Macht Fast Food wirklich dick?

Ein Zusammenhang wird immer behauptet, ist aber nicht bewiesen. Ein ausgeklügeltes Experiment hat nun Erstaunliches zu Tage gebracht.

Hamburger, Hot Dogs, Muffins, Snacks – sind solche hochraffinierten Lebensmittel mit-verantwortlich für die Übergewichtsepidemie? Ja klar, denkt jeder, der «Super Size Me» kennt.

Für diesen Film ass der Hauptdarsteller 30 Tage lang Unmengen von Fast Food. Das Resultat: Er nahm 11 Kilo zu.

Ausgeklügelter Versuch

Bewiesen ist der Zusammenhang zwischen hochverarbeiteten Lebensmitteln und Übergewicht damit aber nicht. Dafür braucht es schon mehr, nämlich ein ausgeklügeltes Experiment wie dieses:

Zwei Diäten mit gleicher Menge an Kalorien, Zucker, Energiedichte, Ballaststoffen und Salz – eine davon besteht aus Mahlzeiten und Snacks mit möglichst wenig verarbeiteten Nahrungsmitteln, die andere fast gänzlich aus Mahlzeiten mit hochraffinierten Produkten wie Fast Food.

Rund 500 Kilokalorien mehr pro Woche

Dazu zwanzig Versuchspersonen, die sich freiwillig 28 Tage lang in ein Forschungszentrum begeben, dort weite Kleidung tragen (damit sie möglichst wenig spüren, ob sie zu- oder abnehmen), die täglich eine Stunde auf einem Hometrainer pedalen und nur das essen, was ihnen vorgesetzt wird – erst 14 Tage lang die eine Diät, dann 14 Tage lang die andere, wobei die Versuchspersonen jeweils essen dürfen, so viel sie wollen.

Das Resultat: Rund 460 Kilokalorien mehr pro Woche, wenn stark verarbeitete Lebensmittel auf den Tisch kommen. Mehr Fett, mehr Salz, mehr Zucker, mehr Kalorien beim Frühstück und beim Mittagessen. Und am Ende knapp ein Kilo mehr auf der Waage. (Lesen Sie unten weiter...)
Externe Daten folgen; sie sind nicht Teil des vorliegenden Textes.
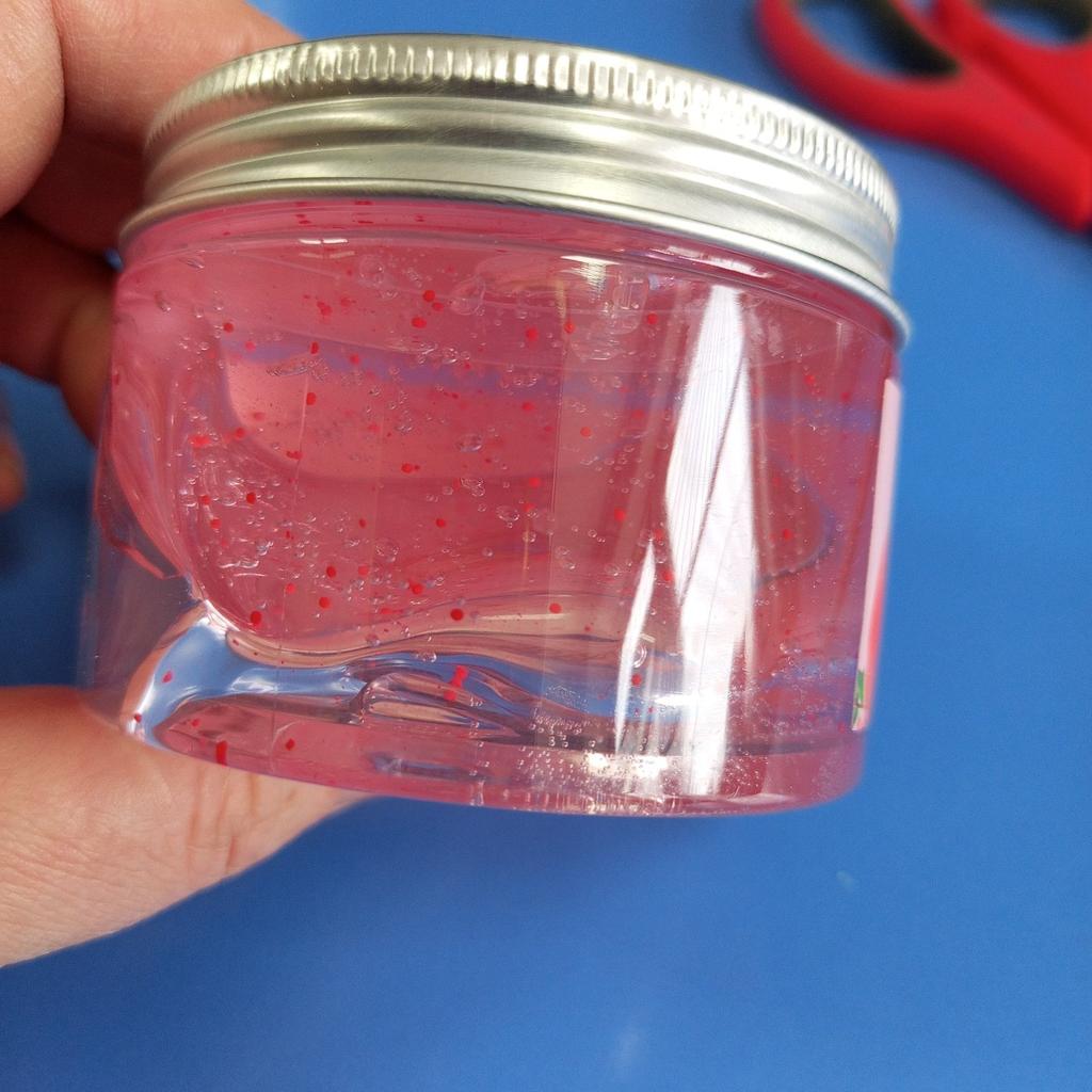 The jelly is transparent and very light. There is a spatula so you don't have to get your fingers in it.
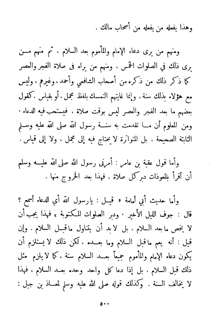 وَهَذَا يَفْعَلُهُ مَنْ يَفْعَلُهُ مِنْ أَصْحَابِ مَالِكٍ. وَمِنْهُمْ مَنْ يَرَى دُعَاءَ الْإِمَامِ وَالْمَأْمُومِ بَعْدَ السَّلَامِ ثُمَّ مِنْهُمْ مَنْ يَرَى ذَلِكَ فِي الصَّلَوَاتِ الْخَمْسِ وَمِنْهُمْ مَنْ يَرَاهُ فِي صَلَاةِ الْفَجْرِ وَالْعَصْرِ كَمَا ذَكَرَ ذَلِكَ مَنْ ذَكَرَهُ مِنْ أَصْحَابِ الشَّافِعِيِّ وَأَحْمَد وَغَيْرِهِمْ وَلَيْسَ مَعَ هَؤُلَاءِ بِذَلِكَ سُنَّةٌ وَإِنَّمَا غَايَتُهُمْ التَّمَسُّكُ بِلَفْظِ مُجْمَلٍ أَوْ بِقِيَاسِ كَقَوْلِ بَعْضِهِمْ مَا بَعْدَ الْفَجْرِ وَالْعَصْرِ لَيْسَ بِوَقْتِ صَلَاةٍ فَيُسْتَحَبُّ فِيهِ الدُّعَاءُ وَمِنْ الْمَعْلُومِ أَنَّ مَا تَقَدَّمَتْ بِهِ سُنَّةُ رَسُولِ اللَّهِ صَلَّى اللَّهُ عَلَيْهِ وَسَلَّمَ الثَّابِتَةُ الصَّحِيحَةُ بَلْ الْمُتَوَاتِرَةُ لَا يُحْتَاجُ فِيهِ إلَى مُجْمَلٍ وَلَا إلَى قِيَاسٍ. وَأَمَّا قَوْلُ عُقْبَةَ بْنِ عَامِرٍ: أَمَرَنِي رَسُولُ اللَّهِ صَلَّى اللَّهُ عَلَيْهِ وَسَلَّمَ أَنْ اقْرَأْ بِالْمُعَوِّذَاتِ دُبُرَ كُلِّ صَلَاةٍ فَهَذَا بَعْدَ الْخُرُوجِ مِنْهَا. وَأَمَّا {حَدِيثُ أَبِي أمامة قِيلَ: يَا رَسُولَ اللَّهِ أَيُّ الدُّعَاءِ أَسْمَعُ؟ قَالَ: جَوْفَ اللَّيْلِ الْأَخِيرِ وَدُبُرَ الصَّلَوَاتِ الْمَكْتُوبَةِ} فَهَذَا يَجِبُ أَنْ لَا يَخُصَّ مَا بَعْدَ السَّلَامِ بَلْ لَا بُدَّ أَنْ يَتَنَاوَلَ مَا قَبْلَ السَّلَامِ. وَإِنْ قِيلَ: إنَّهُ يَعُمُّ مَا قَبْلَ السَّلَامِ وَمَا بَعْدَهُ لَكِنَّ ذَلِكَ لَا يَسْتَلْزِمُ أَنْ يَكُونَ دُعَاءُ الْإِمَامِ وَالْمَأْمُومِ جَمِيعًا بَعْدَ السَّلَامِ سُنَّةً كَمَا لَا يَلْزَمُ مِثْلُ ذَلِكَ قَبْلَ السَّلَامِ بَلْ إذَا دَعَا كُلُّ وَاحِدٍ وَحْدَهُ بَعْدَ السَّلَامِ فَهَذَا لَا يُخَالِفُ السُّنَّةَ. وَكَذَلِكَ قَوْلُهُ صَلَّى اللَّهُ عَلَيْهِ وَسَلَّمَ لِمُعَاذِ بْنِ جَبَلٍ:

Schnell gekaut, mehr verspeist

Oder aber knapp ein Kilo Gewicht weniger nach zweiwöchiger Ernährung mit wenig verarbeiteten Lebensmitteln, dazu bessere Cholesterinwerte, tiefere Spiegel des «Hungerhormons» Ghrelin und höhere Werte beim Appetit-bremsenden Hormon PYY – womit die Studie beweist, dass eine Ernährung mit viel hochraffinierten Produkten zur Gewichtszunahme führt. Super Size Me, also doch.

Ein Grund für die Unterschiede ist vermutlich, dass hochverarbeitete Lebensmittel kaum gekaut werden müssen. Deshalb konnten die Versuchsteilnehmer in kurzer Zeit mehr davon verdrücken und das Sättigungsgefühl trat erst später auf.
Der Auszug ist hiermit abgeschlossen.